• _Work item_
Your answer should be the records again, unchanged in wording and free of images.

▬▬▬▬▬▬

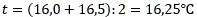 = 16,5 °С. Среднеарифметическое значение температуры пробы будет равно
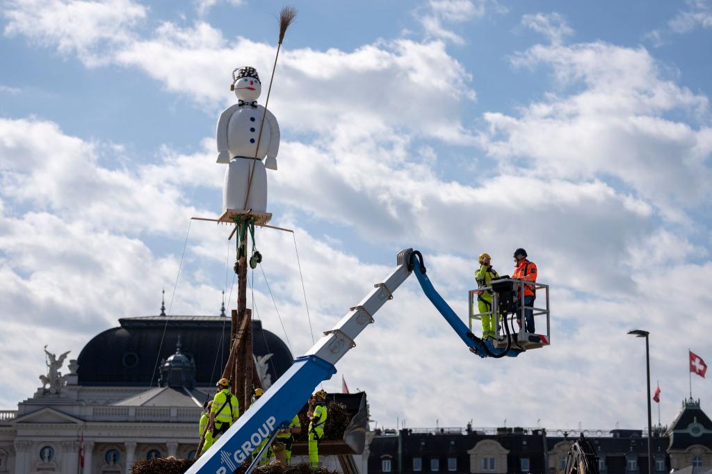 Beim Sechseläuten-Fest ziehen erst Tausende Mitglieder der Zünfte mit Kostümen, Musik und Pferden durch die Straßen. Zehntausende Schaulustige sind dabei. Die Zunftvertreter sammeln sich schließlich auf dem Sechseläutenplatz nahe des Zürichsees, wo der fast vier Meter hohe «Böögg» auf einem Holzstoß angezündet wird.
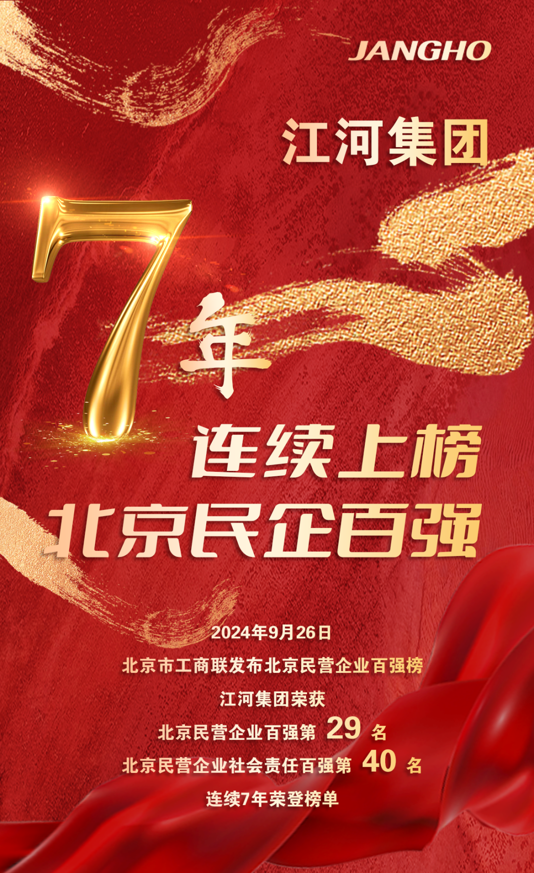 2024年9月26日下午,在刚刚发布的北京市民营企业百强榜单上,江河集团以209亿元的营业收入,跃居北京市民营企业百强第29位,较上一年度晋升4位。这也是江河集团第7年蝉联该榜单,展现了其稳健的发展力和卓越的市场表现。
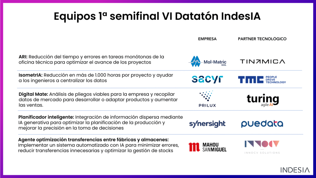 ¡Mecánicas Aparicio y Bravent se hacen con un hueco en la final del VI Datatón IndesIA! Su reto de predicción de tiempos de producción y chatbot analítico es el ganador de la segunda semifinal de esta ajustada edición, en la que el resultado se decidió en el desempate.
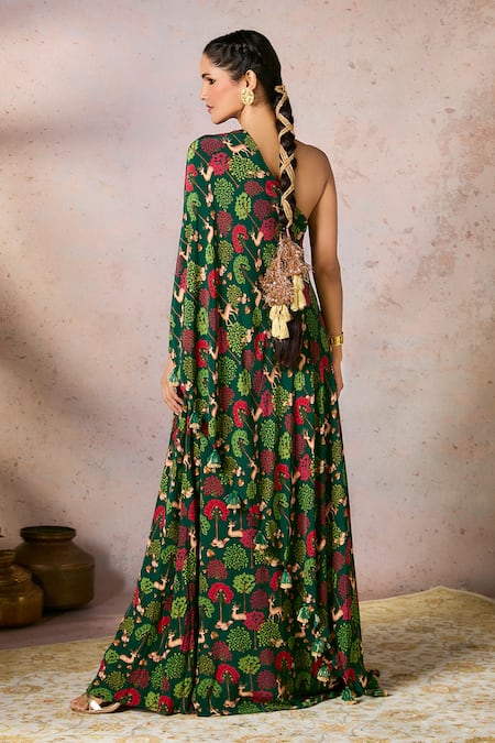 Green Crepe, Silk Tassels One Shoulder Midnight Maze Dress
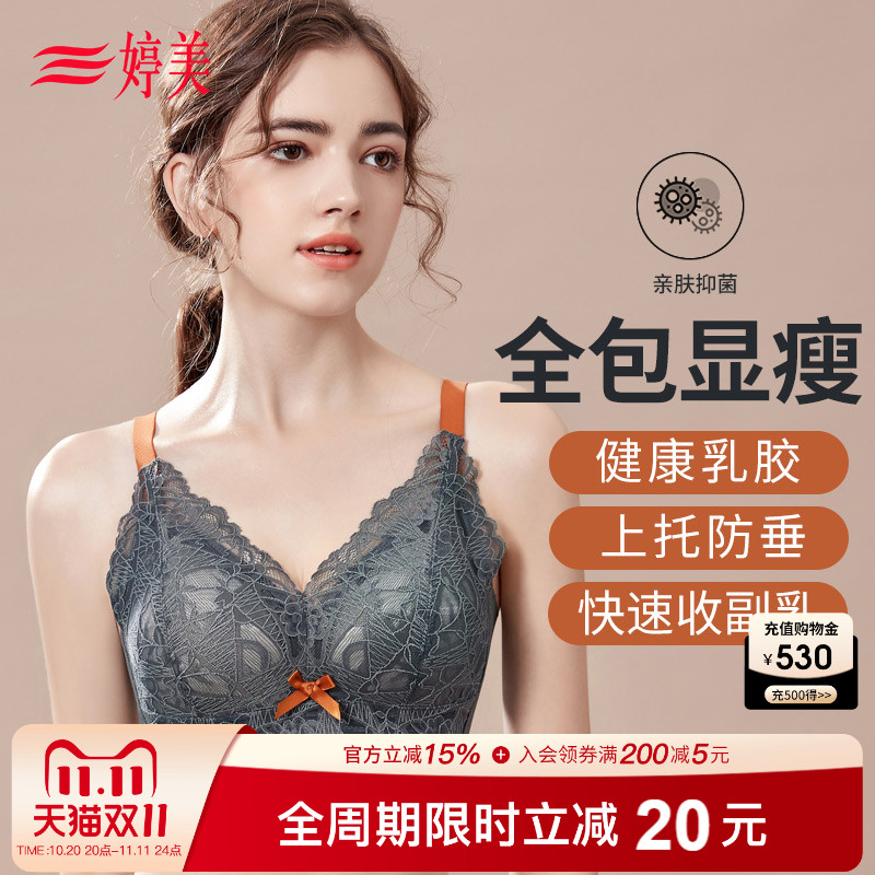 婷美乳胶大胸薄款内衣蕾丝全包容防下垂收副乳胸罩舒适无钢圈文胸
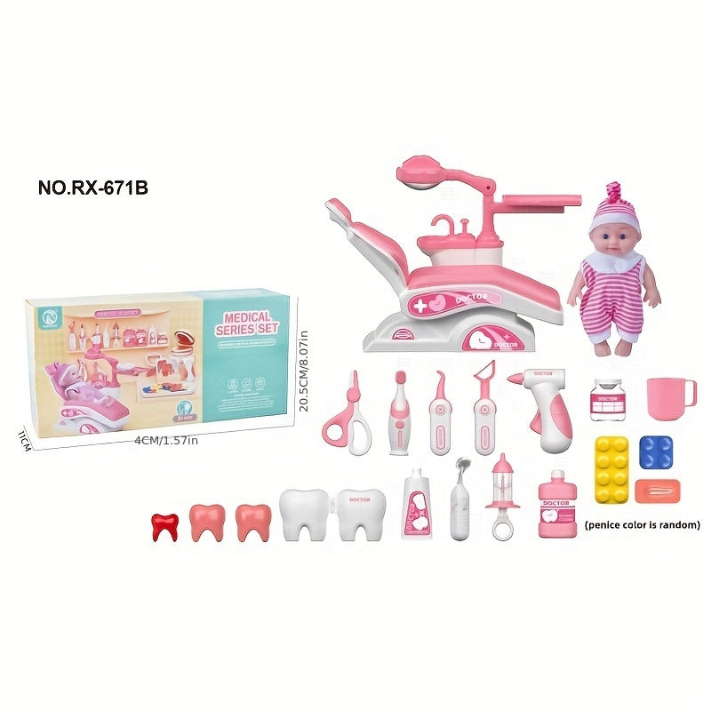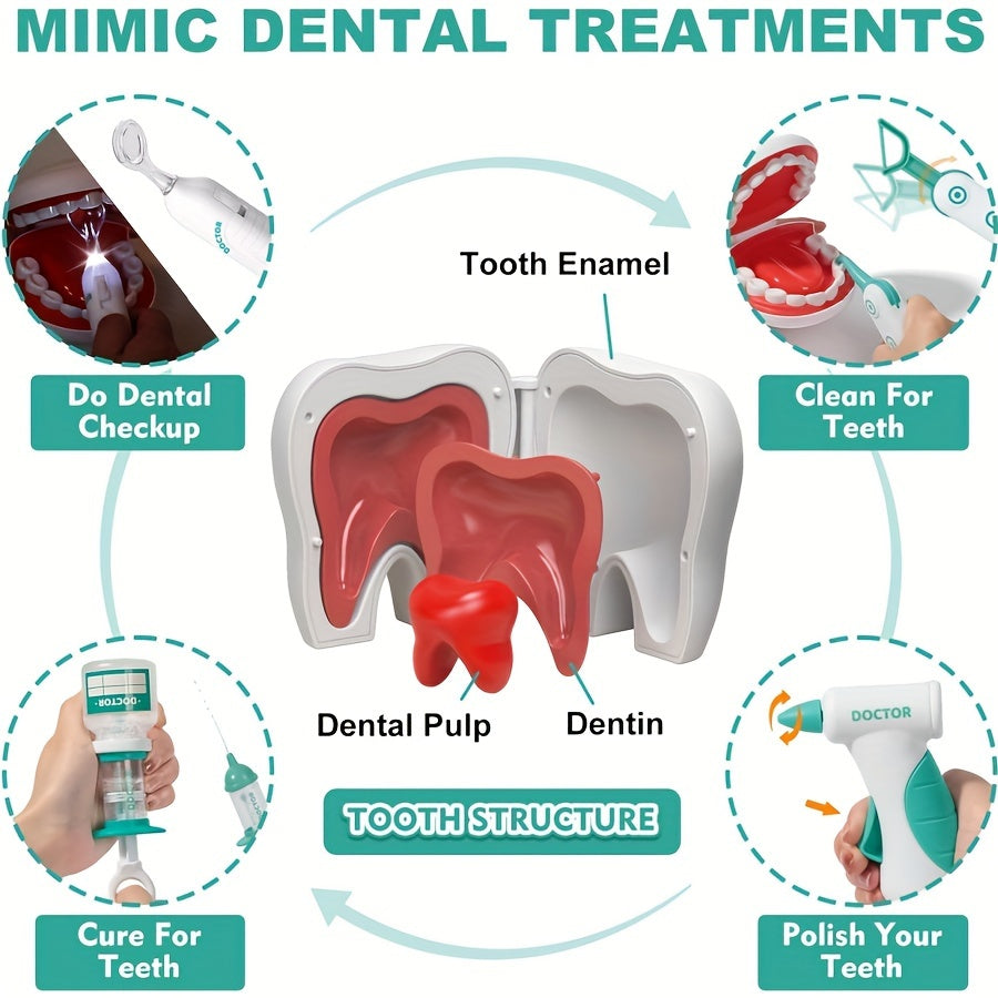 Kids Dentist Playset 17-Piece Green Pretend Doctor Toy Kit for Ages 3-5
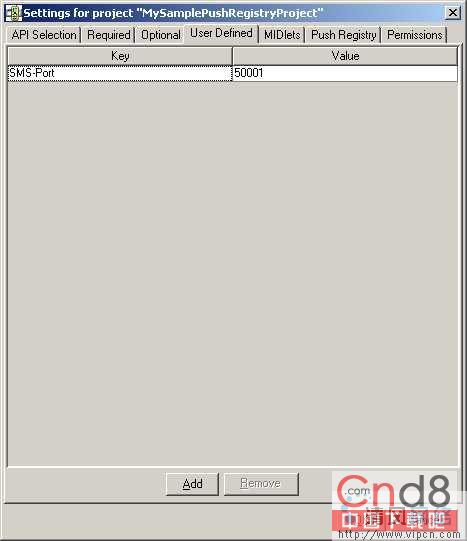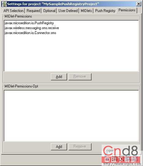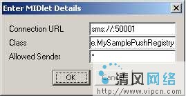 10.在步骤9后,假如你观察由以上步骤产生的jad文件,C:/WTK22/apps/MySamplePushRegistryProject/bin/MySamplePushRegistryProject.jad(假设J2ME Wireless Toolkit 2.2被装在目录C:/WTK22中),你会找到在前面步骤中设定的完整配置。所有条目中最重要的一个如下:MIDlet-Push-1: sms://:50001, com.smaple.MySamplePushRegistry, *. 此条目确保你的应用程序监听50001端口上的SMS消息。
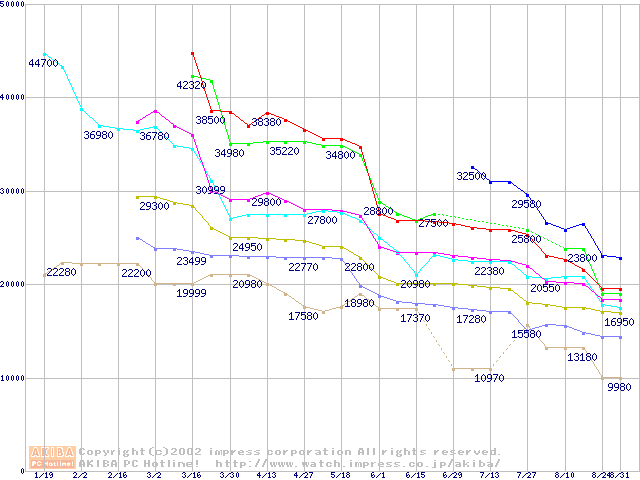 | [↓次グラフ]: | Socket A (Palomino,PGA,FSB 266MHz,L2 256KB)の最安値推移 |
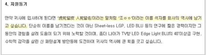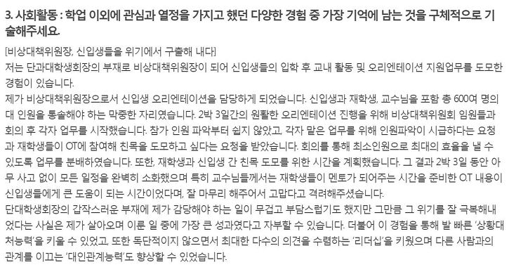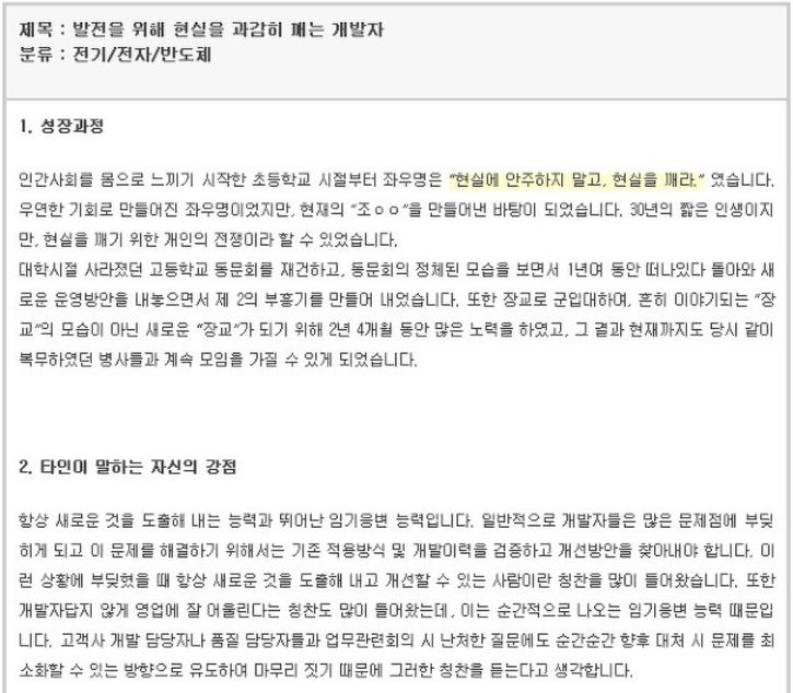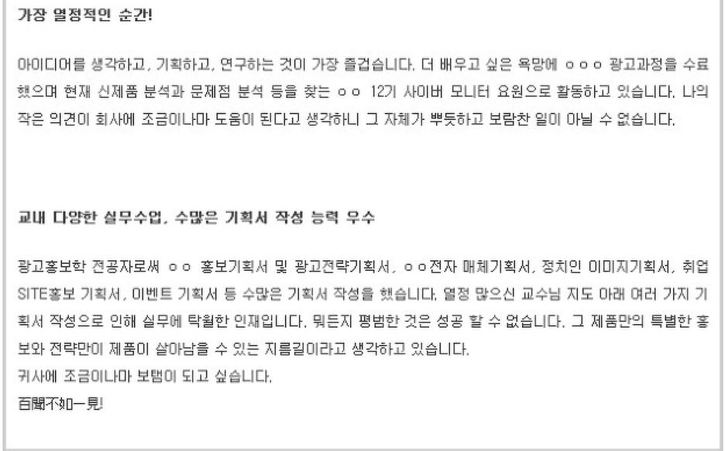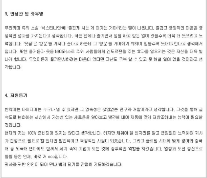 자기소개서 잘 쓴 예에서의 보이는 점

▬▬▬▬▬▬

• _Solution for this problem_
 = 16,5 °С. Среднеарифметическое значение температуры пробы будет равно
 Beim Sechseläuten-Fest ziehen erst Tausende Mitglieder der Zünfte mit Kostümen, Musik und Pferden durch die Straßen. Zehntausende Schaulustige sind dabei. Die Zunftvertreter sammeln sich schließlich auf dem Sechseläutenplatz nahe des Zürichsees, wo der fast vier Meter hohe «Böögg» auf einem Holzstoß angezündet wird.
 2024年9月26日下午,在刚刚发布的北京市民营企业百强榜单上,江河集团以209亿元的营业收入,跃居北京市民营企业百强第29位,较上一年度晋升4位。这也是江河集团第7年蝉联该榜单,展现了其稳健的发展力和卓越的市场表现。
 ¡Mecánicas Aparicio y Bravent se hacen con un hueco en la final del VI Datatón IndesIA! Su reto de predicción de tiempos de producción y chatbot analítico es el ganador de la segunda semifinal de esta ajustada edición, en la que el resultado se decidió en el desempate.
 Green Crepe, Silk Tassels One Shoulder Midnight Maze Dress
 婷美乳胶大胸薄款内衣蕾丝全包容防下垂收副乳胸罩舒适无钢圈文胸
 Kids Dentist Playset 17-Piece Green Pretend Doctor Toy Kit for Ages 3-5
 10.在步骤9后,假如你观察由以上步骤产生的jad文件,C:/WTK22/apps/MySamplePushRegistryProject/bin/MySamplePushRegistryProject.jad(假设J2ME Wireless Toolkit 2.2被装在目录C:/WTK22中),你会找到在前面步骤中设定的完整配置。所有条目中最重要的一个如下:MIDlet-Push-1: sms://:50001, com.smaple.MySamplePushRegistry, *. 此条目确保你的应用程序监听50001端口上的SMS消息。
 | [↓次グラフ]: | Socket A (Palomino,PGA,FSB 266MHz,L2 256KB)の最安値推移 |
 자기소개서 잘 쓴 예에서의 보이는 점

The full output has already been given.